A psiquiatra Maria Isabel Nestarez explica:

“A aparência é um marcador biológico e social. A autoimagem influencia a autoestima, o desejo e até a dinâmica afetiva. O shreking mostra uma tentativa de libertação desse peso.”

Já o psicanalista Eduardo Omeltech vai além:

“O fenômeno nasce da saturação feminina diante da obrigação de performar beleza como valor afetivo.
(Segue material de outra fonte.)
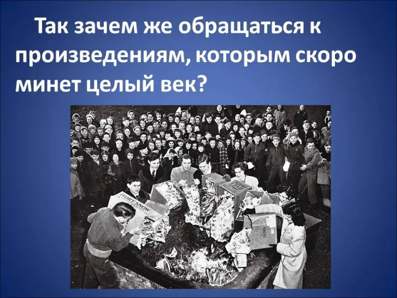 Вопрос учителя: Так зачем же обращаться к произведениям, которым скоро минет целый век? (Слайд 38)
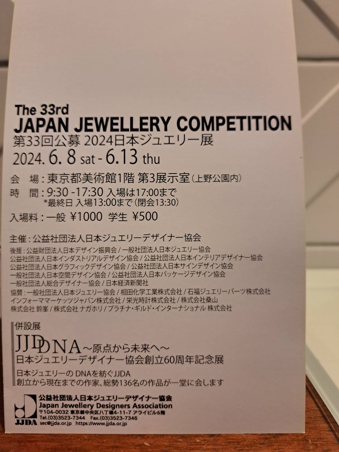 2024日本ジュエリー展 出展のお知らせ 2024年05月30日 日時:2024年6月8日(土)~13日(木) 会場:東京都美術館1階 第3展示室(上野公園内) 第33回公募 2024日本ジュエリー展 ぜひ足をお運びください。

Quando uma mulher escolhe um parceiro fora do padrão, ela revela um desejo coletivo de autenticidade.”


Um espelho das inseguranças modernas

No TikTok e no X (antigo Twitter), o termo explodiu com memes e vídeos de casais “desproporcionais” em beleza, acompanhados de comentários do tipo “ela é Fiona e ele é Shrek”.
Mas, por trás do humor, há uma verdade profunda: o cansaço emocional de mulheres que passaram a vida tentando atender expectativas de perfeição.

O shreking, portanto, é mais do que uma trend — é um espelho das ansiedades afetivas contemporâneas, um pedido coletivo por relações menos performáticas e mais sinceras.


A contradição que divide opiniões

Apesar da aura libertadora, o fenômeno também gera debates.
Críticos afirmam que o shreking pode reforçar estereótipos, romantizando desigualdades e sugerindo que “o feio é o seguro” — o que, em última instância, ainda coloca a mulher em posição reativa diante da estética masculina.

Por outro lado, defensores argumentam que o movimento desconstrói o ideal de “par perfeito”, convidando todos a repensarem o amor como escolha emocional, não como vitrine social.


Entre o ogro e o príncipe: o que a Geração Z está ensinando

O sucesso do shreking revela algo além da ironia: a Geração Z está reescrevendo as regras do amor.
Num mundo saturado por aparências, filtros e validação digital, escolher o imperfeito virou o novo ato de coragem.
Porque, no fim das contas, talvez o verdadeiro amor sempre tenha sido mais Shrek do que príncipe.


Conclusão

O “shreking” não é apenas uma piada viral — é um retrato cultural da fadiga estética e da busca por relações reais.
Entre o riso e a reflexão, ele nos lembra: a beleza pode ser o que atrai, mas é a verdade que faz ficar.